Re: [PATCH v5 05/14] vfio/mdev: idxd: add basic mdev registration and helper functions
From: Jason Gunthorpe
Date: Tue Feb 16 2021 - 16:32:46 EST
On Tue, Feb 16, 2021 at 12:39:56PM -0800, Dan Williams wrote:
> > >> + /*
> > >> + * Check and see if the guest wants to map to the limited or unlimited portal.
> > >> + * The driver will allow mapping to unlimited portal only if the the wq is a
> > >> + * dedicated wq. Otherwise, it goes to limited.
> > >> + */
> > >> + virt_portal = ((offset >> PAGE_SHIFT) & 0x3) == 1;
> > >> + phys_portal = IDXD_PORTAL_LIMITED;
> > >> + if (virt_portal == IDXD_PORTAL_UNLIMITED && wq_dedicated(wq))

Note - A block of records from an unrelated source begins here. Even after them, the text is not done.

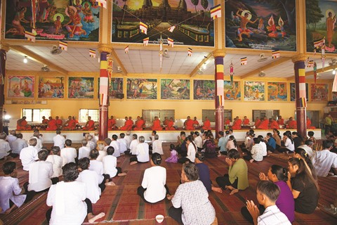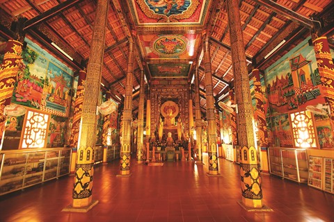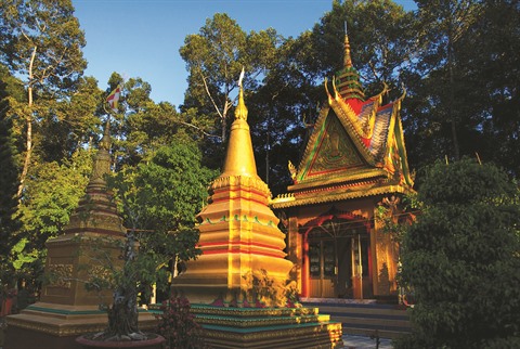 La plupart des Khmers pratiquent le bouddhisme du Petit Véhicule (Hinayana). Les pagodes sont sacrées et très importantes dans leur vie. Il existe dans le Nam Bô (Sud) environ 600 pagodes khmères, grandes ou petites, avec plus de 10.000 moines. Certaines ont été construites il y a plusieurs siècles et sont reconnues comme reliques culturelles et architecturales nationales, telles que les pagodes Âng, Met, Hang et Doi...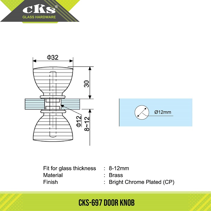 CKS-697 DOOR KNOB Category: Door Knobs Description Description Fit for glass thickness 8mm – 12mm Material Brass Finish Bright Chrome Plated (CP) Related products CKS-694 DOOR KNOB Read more CKS-693 DOOR KNOB Read more CKS-698 DOOR KNOB Read more CKS-691 DOOR KNOB Read more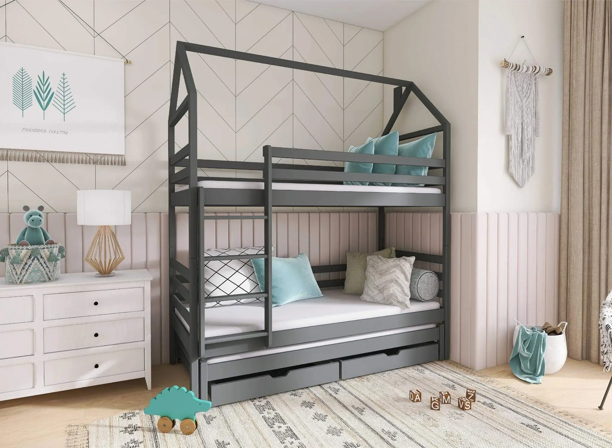 Upptäck den grafitgrå våningssängen DALIA 80x160 i husform, och du kommer inte att titta på någon annan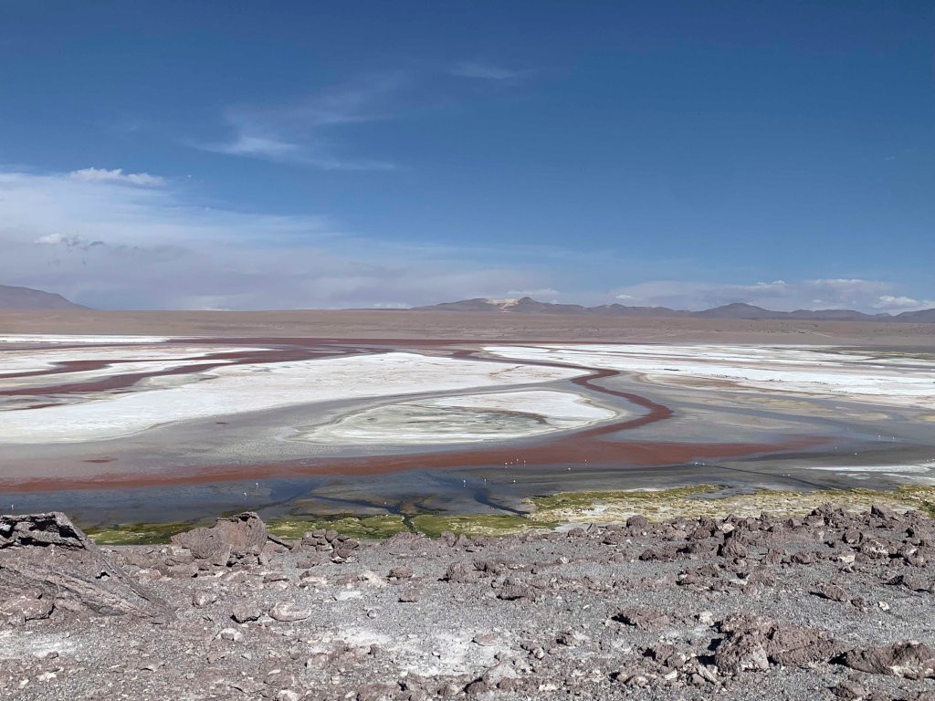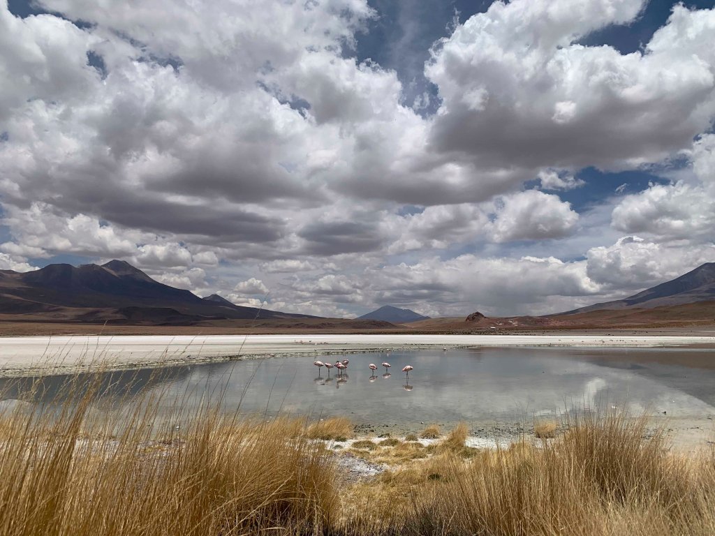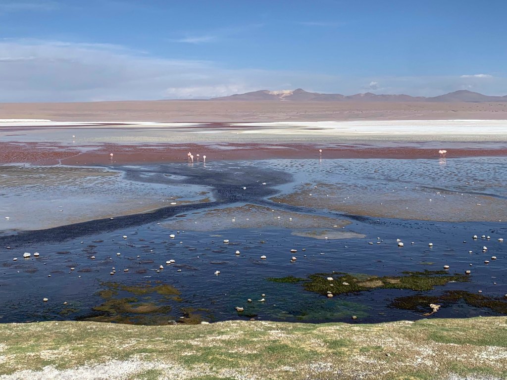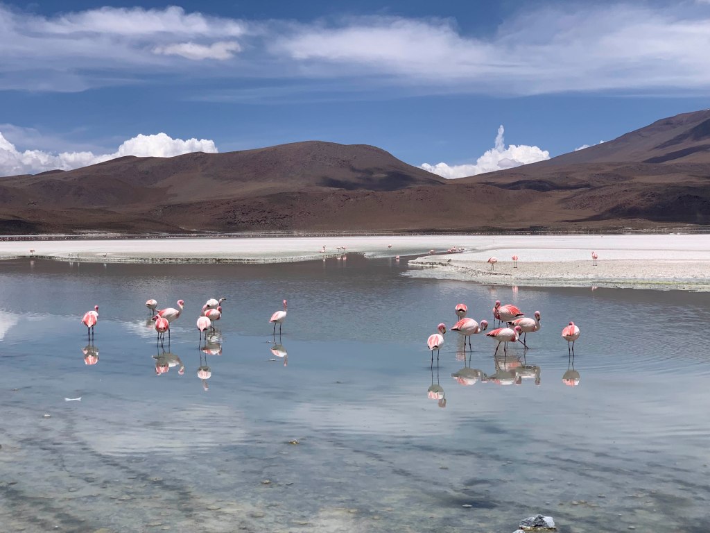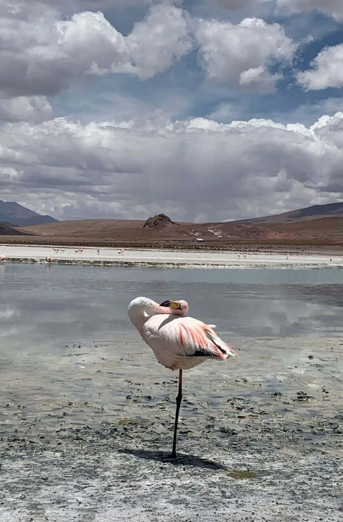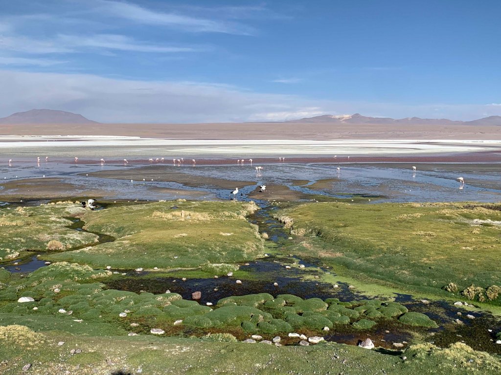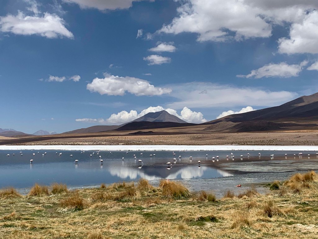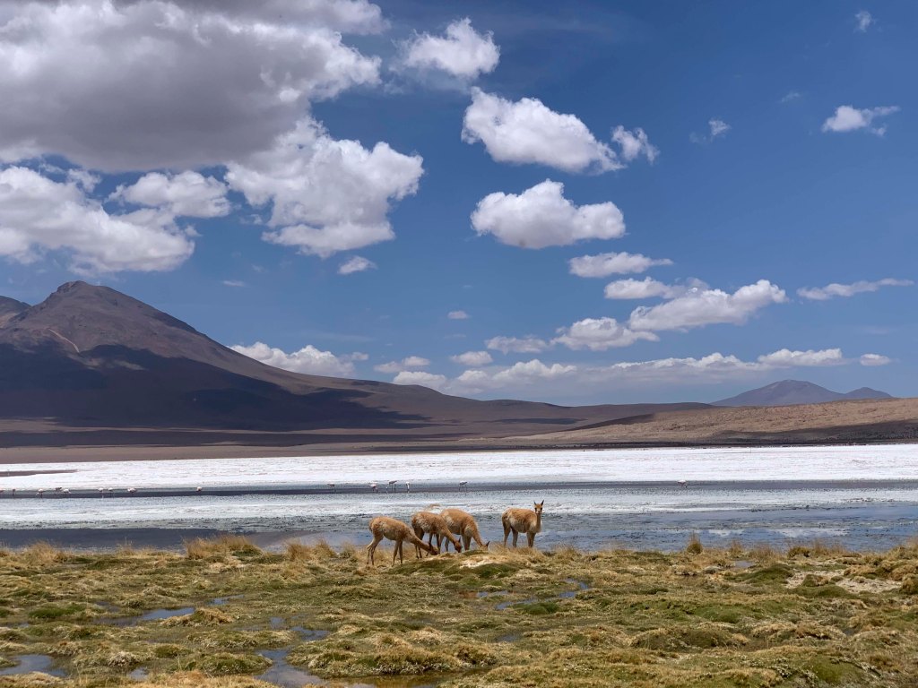 Der nächste Abschnitt unseres Weges war den Lagunen gewidmet: Relativ nah beieinander beeindrucken die Laguna Cañapa, Hedionda, Chiar Khota, Honda und Ramaditas mit verschiedenen Farben und Salzkrusten sowie ihren elegantesten Bewohnern, den Flamingos. Ab und zu werden diese von Vicuñas unterstützt, und auch hier trifft man auf bewaffnete Ordnungshüter, weil alles Grenzgebiet zu Chile ist.

> > >> + phys_portal = IDXD_PORTAL_UNLIMITED;
> > >> +
> > >> + /* We always map IMS portals to the guest */
> > >> + pgoff = (base + idxd_get_wq_portal_full_offset(wq->id, phys_portal,
> > >> + IDXD_IRQ_IMS)) >> PAGE_SHIFT;
> > >> + dev_dbg(dev, "mmap %lx %lx %lx %lx\n", vma->vm_start, pgoff, req_size,
> > >> + pgprot_val(pg_prot));
> > >> + vma->vm_page_prot = pgprot_noncached(vma->vm_page_prot);
> > >> + vma->vm_private_data = mdev;
> > > What ensures the mdev pointer is valid strictly longer than the VMA?
> > > This needs refcounting.
> >
> > Going to take a kref at open and then put_device at close. Does that
> > sound reasonable or should I be calling get_device() in mmap() and then
> > register a notifier for when vma is released?
>
> Where does this enabling ever look at vm_private_data again?
So long as a PCI BAR page is mapped into a VMA the pci driver cannot
be removed. Things must either wait until the fd (or at least all
VMAs) are closed, or zap the VMAs before allowing the device driver to
be removed.
There should be some logic in this whole thing where the pci_driver
destroys the mdevs which destroy the vfio's which wait for all the fds
to be closed.
There is enough going on in vfio_device_fops_release() that this might
happen already, Dave needs to investigate and confirm the whole thing
works as expected.
Presumably there is no security issue with sharing these portal pages
because I don't see a vma ops involved here to track when pages are
freed up (ie the vm_private_data is dead code cargo-cult'd from
someplace else)
But this is all sufficiently tricky, and Intel has already had
security bugs in their drivers here, that someone needs to audit it
closely before it gets posted again.
Jason